### EXERCISE DIRECTIONS
Beneath this line sits some data. Return only its lines from the one holding "Nguyên liệu nấu" through the one holding "料理の風味付けに多く用いられ", inclusive, exactly, with the images removed.

### EXTRACTED MATERIAL
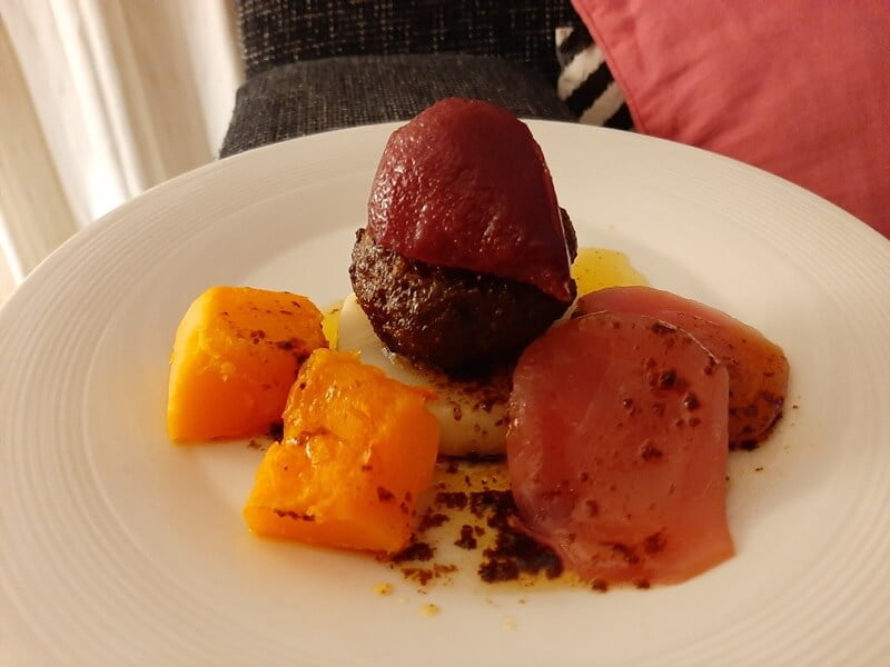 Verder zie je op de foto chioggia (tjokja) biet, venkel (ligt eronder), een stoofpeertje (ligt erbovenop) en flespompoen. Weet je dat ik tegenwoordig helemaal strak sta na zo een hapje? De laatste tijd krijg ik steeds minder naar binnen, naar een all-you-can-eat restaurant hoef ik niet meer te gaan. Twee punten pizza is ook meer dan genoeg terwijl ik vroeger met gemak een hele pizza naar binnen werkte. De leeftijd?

* * *

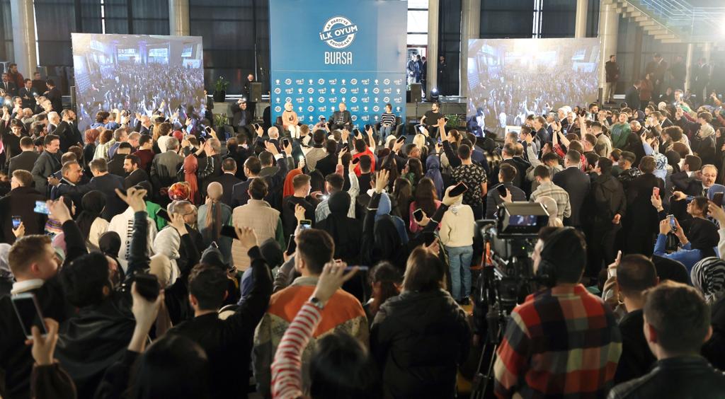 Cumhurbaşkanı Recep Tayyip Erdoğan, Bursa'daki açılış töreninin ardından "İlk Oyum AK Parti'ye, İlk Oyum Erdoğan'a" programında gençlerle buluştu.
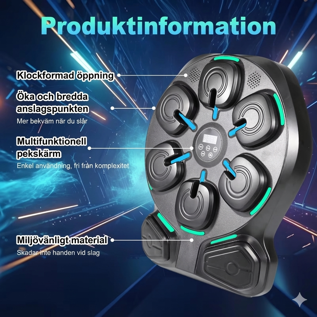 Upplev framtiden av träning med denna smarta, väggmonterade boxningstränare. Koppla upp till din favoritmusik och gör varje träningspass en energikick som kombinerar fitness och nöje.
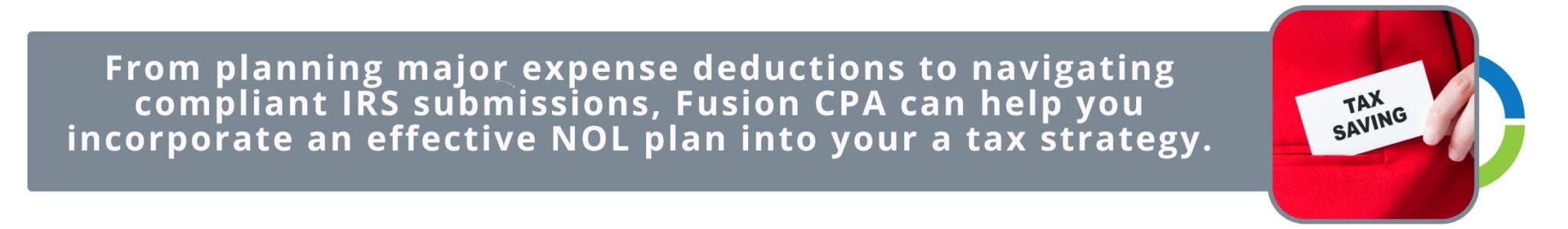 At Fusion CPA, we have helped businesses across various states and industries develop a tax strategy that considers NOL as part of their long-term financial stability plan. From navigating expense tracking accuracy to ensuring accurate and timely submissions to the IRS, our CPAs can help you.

* * *

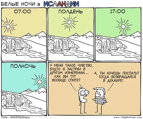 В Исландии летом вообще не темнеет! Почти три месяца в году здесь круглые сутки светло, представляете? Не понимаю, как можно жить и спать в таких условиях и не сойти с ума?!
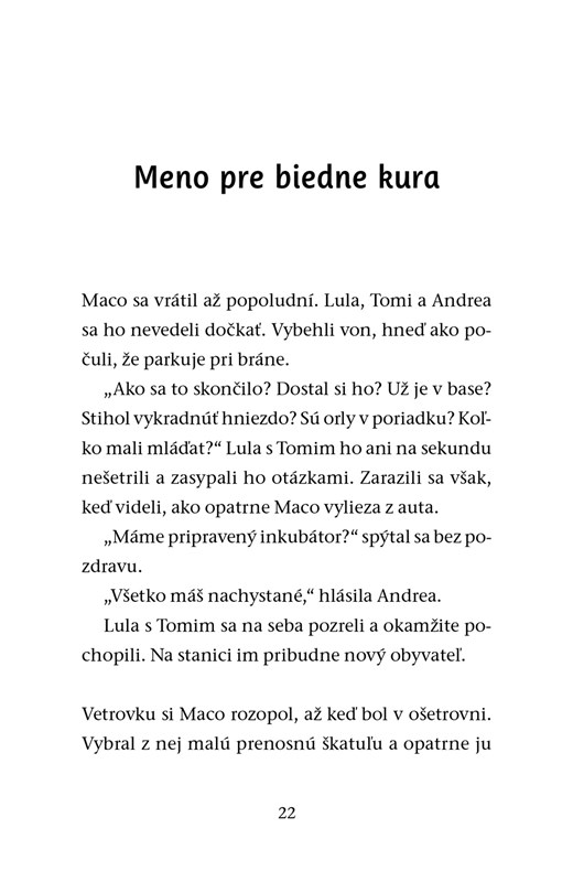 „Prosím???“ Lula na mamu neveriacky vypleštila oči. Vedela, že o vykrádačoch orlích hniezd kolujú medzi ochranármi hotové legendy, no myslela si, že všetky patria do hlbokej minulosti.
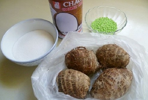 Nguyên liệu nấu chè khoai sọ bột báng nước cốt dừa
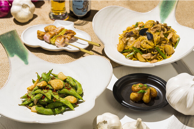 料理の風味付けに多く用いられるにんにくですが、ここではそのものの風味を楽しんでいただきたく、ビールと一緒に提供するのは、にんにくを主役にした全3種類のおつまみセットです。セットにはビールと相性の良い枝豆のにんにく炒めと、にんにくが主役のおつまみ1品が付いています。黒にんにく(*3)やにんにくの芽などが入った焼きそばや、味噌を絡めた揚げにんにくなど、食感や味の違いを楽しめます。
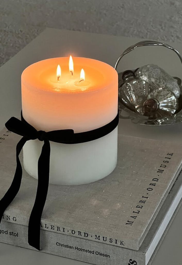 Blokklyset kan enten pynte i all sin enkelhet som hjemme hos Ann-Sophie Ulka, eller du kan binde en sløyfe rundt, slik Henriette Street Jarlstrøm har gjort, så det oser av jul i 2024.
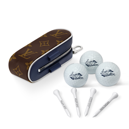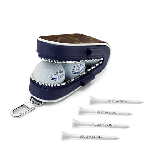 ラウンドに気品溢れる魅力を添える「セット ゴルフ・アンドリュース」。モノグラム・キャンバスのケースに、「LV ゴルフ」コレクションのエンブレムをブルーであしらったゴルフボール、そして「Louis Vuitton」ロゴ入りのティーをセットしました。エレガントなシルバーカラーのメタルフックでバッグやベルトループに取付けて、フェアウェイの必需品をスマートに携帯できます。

### EXERCISE SOLUTION
 Nguyên liệu nấu chè khoai sọ bột báng nước cốt dừa
 料理の風味付けに多く用いられるにんにくですが、ここではそのものの風味を楽しんでいただきたく、ビールと一緒に提供するのは、にんにくを主役にした全3種類のおつまみセットです。セットにはビールと相性の良い枝豆のにんにく炒めと、にんにくが主役のおつまみ1品が付いています。黒にんにく(*3)やにんにくの芽などが入った焼きそばや、味噌を絡めた揚げにんにくなど、食感や味の違いを楽しめます。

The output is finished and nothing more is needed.